Americans seem not to have awakened to the fast-looming debt crisis that could summon a new recession, imperil their stock market investments and shatter faith in the world's most powerful economy. Those are among the implications, both sudden and long-lasting, expected to unfold if the U.S. defaults on debt payments for the first time in history.
Facing an August deadline for raising the country's borrowing limit or setting loose the consequences, politicians and economists are plenty alarmed. The people? Apparently not so much.
They're divided on whether to raise the limit, according to an Associated Press-GfK poll that found 41 percent opposed to the idea and 38 percent in favor.
People aren't exactly blase. A narrow majority in the poll expects an economic crisis to ensue if the U.S., maxed out on its borrowing capacity, starts missing interest payments to creditors. But even among that group, 37 percent say no dice to raising the limit.
In Washington's humid air, talk of a financial apocalypse is thick.
There are warnings of "credit markets in a state of panic," as the House Budget Committee chairman, Rep. Paul Ryan, R-Wis., put it, causing a sudden drop-off in the country's ability to borrow and pushing the government off a "credit cliff."
He was characterizing a report by the government's nonpartisan Congressional Budget Office that warns of a "sudden fiscal crisis" in which investors might abandon U.S. bonds and force the government to pay steep interest rates and impose spending cuts and tax increases far more Draconian than if default were avoided.
The dire warnings appear to be falling on unconvinced ears, at least so far.
Call it doomsday fatigue.
In recent times, Americans heard that things were going to go haywire with the turn of the millennium, and they didn't. They were primed for post-Sept. 11 terrorist plots that did not unfold.
They've seen Congress, a lumbering body that gets fleet of foot at the last minute, come to the brink time after time, only to pull something out of its hat. Recently, a partial government shutdown was averted in that manner.
To Robin Knight, 50-year-old teacher from Gilbert, Ariz., who's trying to stay informed on the debt crisis, Washington's tendency to cry wolf and stage histrionics on issues of the day isn't helping.
"It should be very easy to understand," she said, "but I think there are so many skewed views and time given to people screaming that it can be hard to follow."
As during the lead-up to the government shutdown that didn't happen, tortured negotiations are under way.
Republican leaders are insisting on huge spending cuts as a condition for raising the debt limit.

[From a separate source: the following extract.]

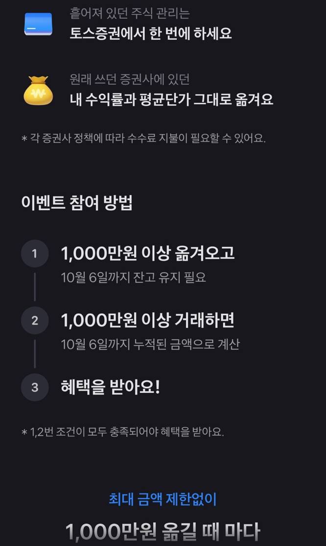토스증권이 주식 옮기기 이벤트를 하고 있습니다. 토스증권으로 주식을 1,000만원 옮길 때마다 혜택을 주는 이벤트입니다.
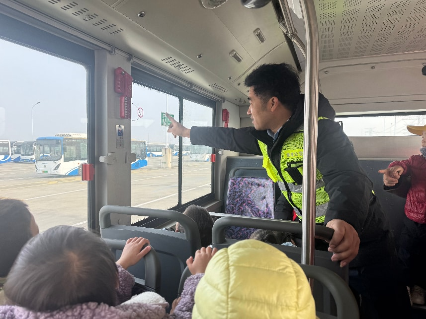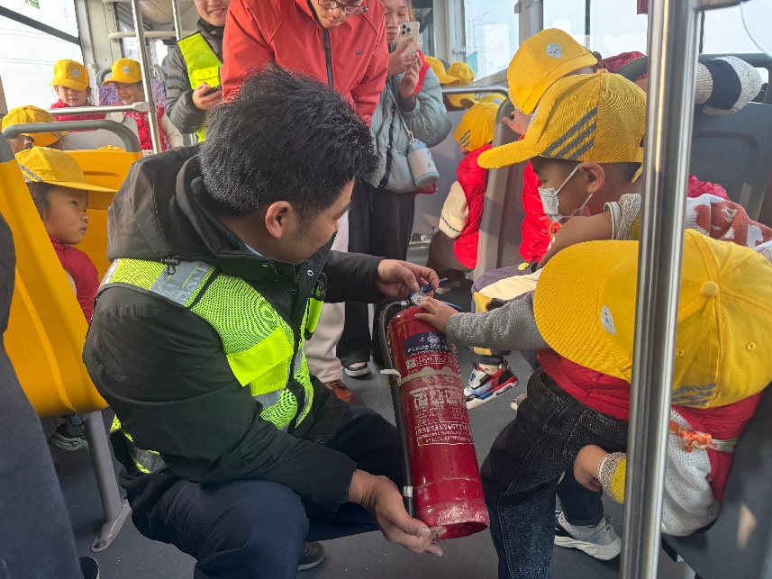 宣传活动过程中,公交志愿者们带着孩子们在确保安全的前提下于曹路停保场的五楼,安排幼儿们依次上车体验。只见幼儿园小朋友们都兴奋的坐到了公交车内,感受公共汽车的内部空间,观察车内的设施,如座椅、扶手、投币箱、刷卡机等。教师和家长志愿者在旁协助,引导幼儿观察并讲解这些设施的用途。公交志愿者们给小朋友们现场演示了安全锤的使用、乘客应急门如何打开、针对有轮椅出行的乘客,车厢中门翻板如何使用、指出了应急出口和灭火器的位置及在乘坐公交车过程中需要注意的多项安全事项、公交车的盲区范围等,以增加幼儿园小朋友们的安全知识。

This position finds solid support from Republicans in the poll and backing from a plurality of independents.
President Barack Obama is pushing for increased tax revenue to be part of the deal, and that insistence led House Republican leader Eric Cantor of Virginia to walk out of the negotiations this past week.
About half of Democrats in the poll said the debt limit should be raised regardless of whether it's paired with a deal to cut spending.
The survey found no significant differences by education, age, income, or even by party, in perceptions of whether a crisis is likely if the limit is not increased. There was widespread dissatisfaction with how Obama is dealing with the deficit – a new high of 63 percent disapproval on that subject – and an even harsher judgment of how both parties in Congress are doing on the issue.
Full Article
Source: Huffington
Americans seem not to have awakened to the fast-looming debt crisis that could summon a new recession, imperil their stock market investments and shatter faith in the world's most powerful economy. Those are among the implications, both sudden and long-lasting, expected to unfold if the U.S. defaults on debt payments for the first time in history.
Facing an August deadline for raising the country's borrowing limit or setting loose the consequences, politicians and economists are plenty alarmed. The people? Apparently not so much.
They're divided on whether to raise the limit, according to an Associated Press-GfK poll that found 41 percent opposed to the idea and 38 percent in favor.
People aren't exactly blase. A narrow majority in the poll expects an economic crisis to ensue if the U.S., maxed out on its borrowing capacity, starts missing interest payments to creditors. But even among that group, 37 percent say no dice to raising the limit.
In Washington's humid air, talk of a financial apocalypse is thick.
There are warnings of "credit markets in a state of panic," as the House Budget Committee chairman, Rep. Paul Ryan, R-Wis., put it, causing a sudden drop-off in the country's ability to borrow and pushing the government off a "credit cliff."
He was characterizing a report by the government's nonpartisan Congressional Budget Office that warns of a "sudden fiscal crisis" in which investors might abandon U.S. bonds and force the government to pay steep interest rates and impose spending cuts and tax increases far more Draconian than if default were avoided.
The dire warnings appear to be falling on unconvinced ears, at least so far.
Call it doomsday fatigue.
In recent times, Americans heard that things were going to go haywire with the turn of the millennium, and they didn't. They were primed for post-Sept. 11 terrorist plots that did not unfold.
They've seen Congress, a lumbering body that gets fleet of foot at the last minute, come to the brink time after time, only to pull something out of its hat. Recently, a partial government shutdown was averted in that manner.
To Robin Knight, 50-year-old teacher from Gilbert, Ariz., who's trying to stay informed on the debt crisis, Washington's tendency to cry wolf and stage histrionics on issues of the day isn't helping.
"It should be very easy to understand," she said, "but I think there are so many skewed views and time given to people screaming that it can be hard to follow."
As during the lead-up to the government shutdown that didn't happen, tortured negotiations are under way.
Republican leaders are insisting on huge spending cuts as a condition for raising the debt limit. This position finds solid support from Republicans in the poll and backing from a plurality of independents.
President Barack Obama is pushing for increased tax revenue to be part of the deal, and that insistence led House Republican leader Eric Cantor of Virginia to walk out of the negotiations this past week.
About half of Democrats in the poll said the debt limit should be raised regardless of whether it's paired with a deal to cut spending.
The survey found no significant differences by education, age, income, or even by party, in perceptions of whether a crisis is likely if the limit is not increased. There was widespread dissatisfaction with how Obama is dealing with the deficit – a new high of 63 percent disapproval on that subject – and an even harsher judgment of how both parties in Congress are doing on the issue.